*ASSIGNMENT:*
All of the entries, apart from their pictures, are to be copied verbatim.
[DATA EXTRACT]
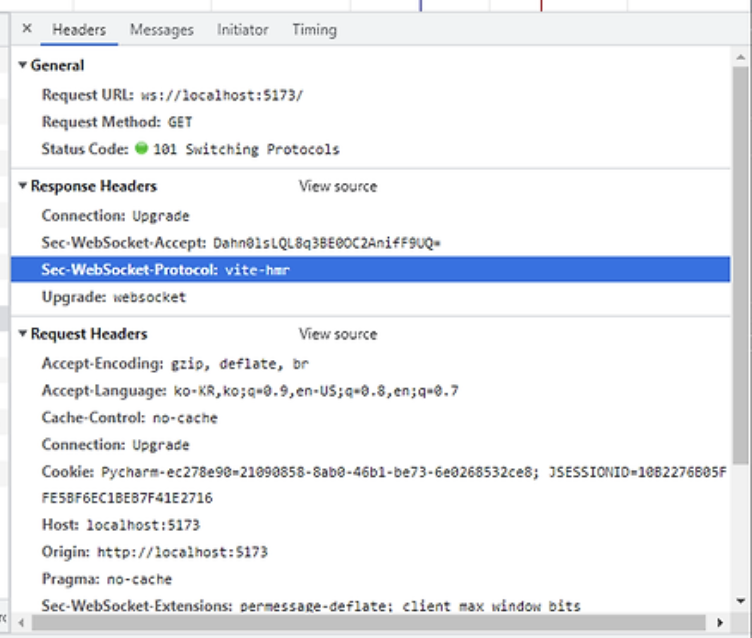 - Vite는 vite-hmr이라는 프로토콜을 사용
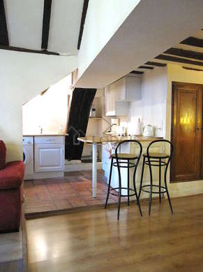 Este apartamento posee una cocina con azulejo en el sueloy todo el equipamiento esencial para su vida diaria : placas eléctricas, refrigerador, horno micro-ondas, congelador, tostador, hervidor, cafetera, estantería, armario empotrado, vajilla, 2 silla(s), bar.
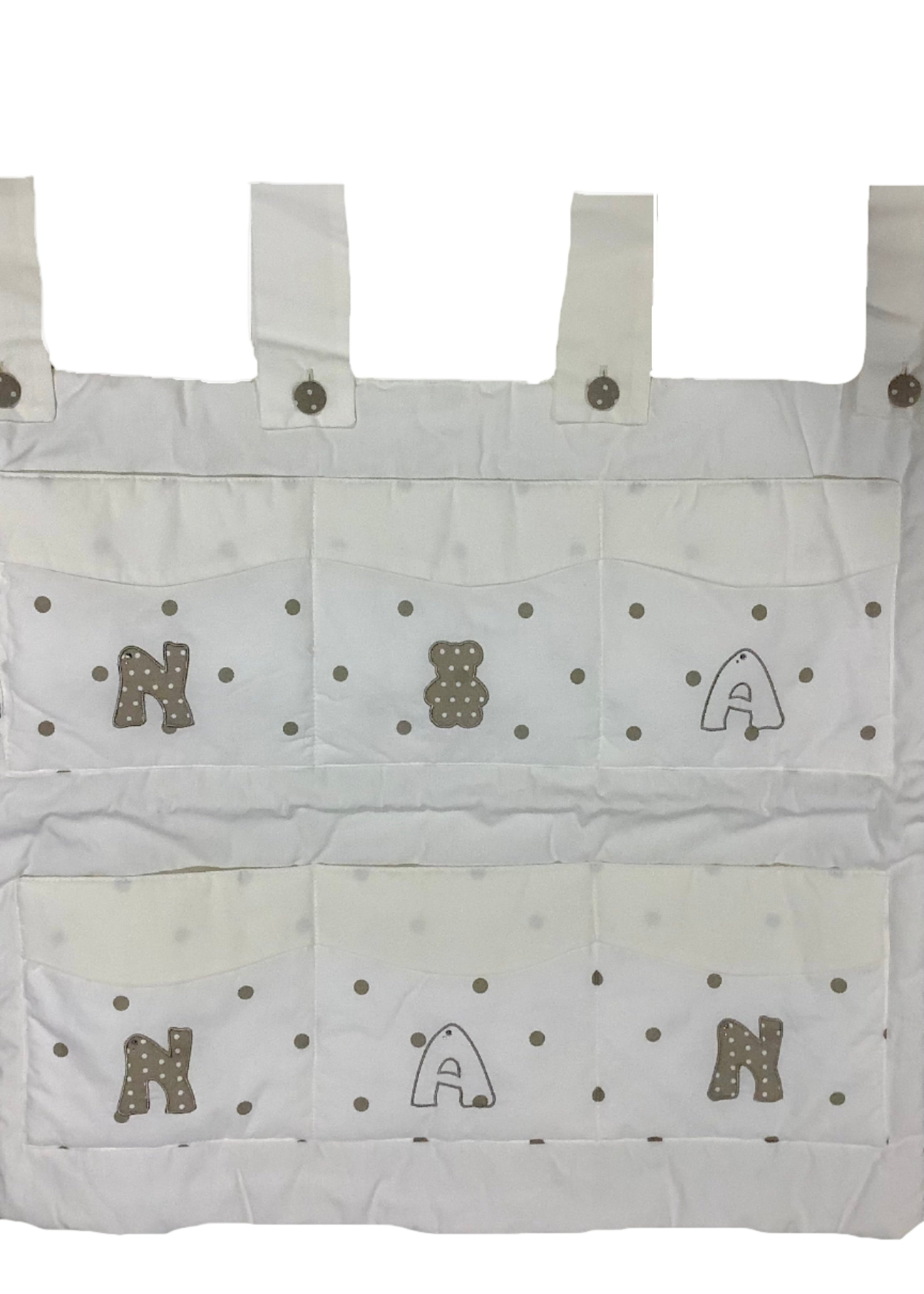 Perfect size storage cloth for your baby things. Designed with strap to hang on the slat side of the bed. It has six available pockets, each pocket has polka dot prints, with embroidered letter and a bear enhanced with crystal. A product of Nanan from Italy.
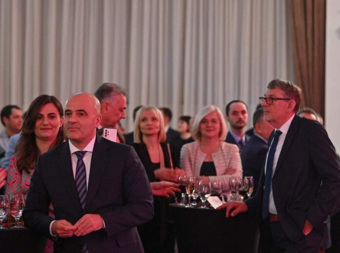 Од фотографиите се гледа дека Ковачевски и Зајкова на прославата на СДСМ во Александар Палас стојат блиску, но на фотографиите премиерот и врти грб на својата коалиција партнерка.
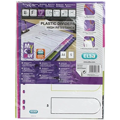 1 x myColour plastic register, 5 parts, suitable for DIN A4, for use as dividers for folders, staplers, folders, etc. for home, school and office High quality: robust and durable thanks to the production of extra thick polypropylene (0.3 mm) Perfect overview: front sheet can be written on for quick overview of the contents, design of the cover sheet via the myoxfordprint website possible, print the always current cover on standard A4 paper Colours – Clear sorting thanks to 5-colour tab arrangement without print, universal perforation, colour combination of purple, pink, white, light green, black Ideal format - 225 x 297 mm per index sheet, perfect size for organising documents with colour differentiation up to DIN A4 format, 1 piece
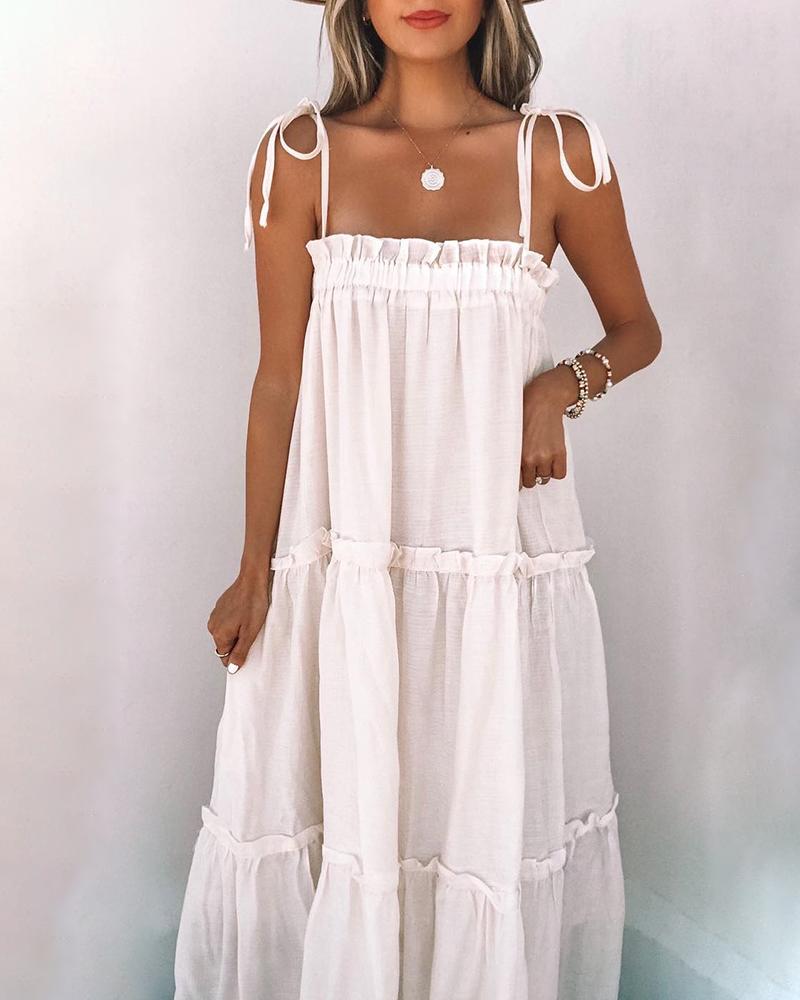 Style:Casual,Chic Type:Straight Material:100%Polyester Neckline:Square Neck Sleeve Style:Spaghetti Strap Length:Maxi Pattern Type:Plain Decoration:Frill Hem,Tied Detail Fit Type:Regular Occasion:Daily Package Include:1* Dress
[/DATA EXTRACT]
*ANSWER BELOW:*
 - Vite는 vite-hmr이라는 프로토콜을 사용
 Este apartamento posee una cocina con azulejo en el sueloy todo el equipamiento esencial para su vida diaria : placas eléctricas, refrigerador, horno micro-ondas, congelador, tostador, hervidor, cafetera, estantería, armario empotrado, vajilla, 2 silla(s), bar.
 Perfect size storage cloth for your baby things. Designed with strap to hang on the slat side of the bed. It has six available pockets, each pocket has polka dot prints, with embroidered letter and a bear enhanced with crystal. A product of Nanan from Italy.
 Од фотографиите се гледа дека Ковачевски и Зајкова на прославата на СДСМ во Александар Палас стојат блиску, но на фотографиите премиерот и врти грб на својата коалиција партнерка.
 1 x myColour plastic register, 5 parts, suitable for DIN A4, for use as dividers for folders, staplers, folders, etc. for home, school and office High quality: robust and durable thanks to the production of extra thick polypropylene (0.3 mm) Perfect overview: front sheet can be written on for quick overview of the contents, design of the cover sheet via the myoxfordprint website possible, print the always current cover on standard A4 paper Colours – Clear sorting thanks to 5-colour tab arrangement without print, universal perforation, colour combination of purple, pink, white, light green, black Ideal format - 225 x 297 mm per index sheet, perfect size for organising documents with colour differentiation up to DIN A4 format, 1 piece
 Style:Casual,Chic Type:Straight Material:100%Polyester Neckline:Square Neck Sleeve Style:Spaghetti Strap Length:Maxi Pattern Type:Plain Decoration:Frill Hem,Tied Detail Fit Type:Regular Occasion:Daily Package Include:1* Dress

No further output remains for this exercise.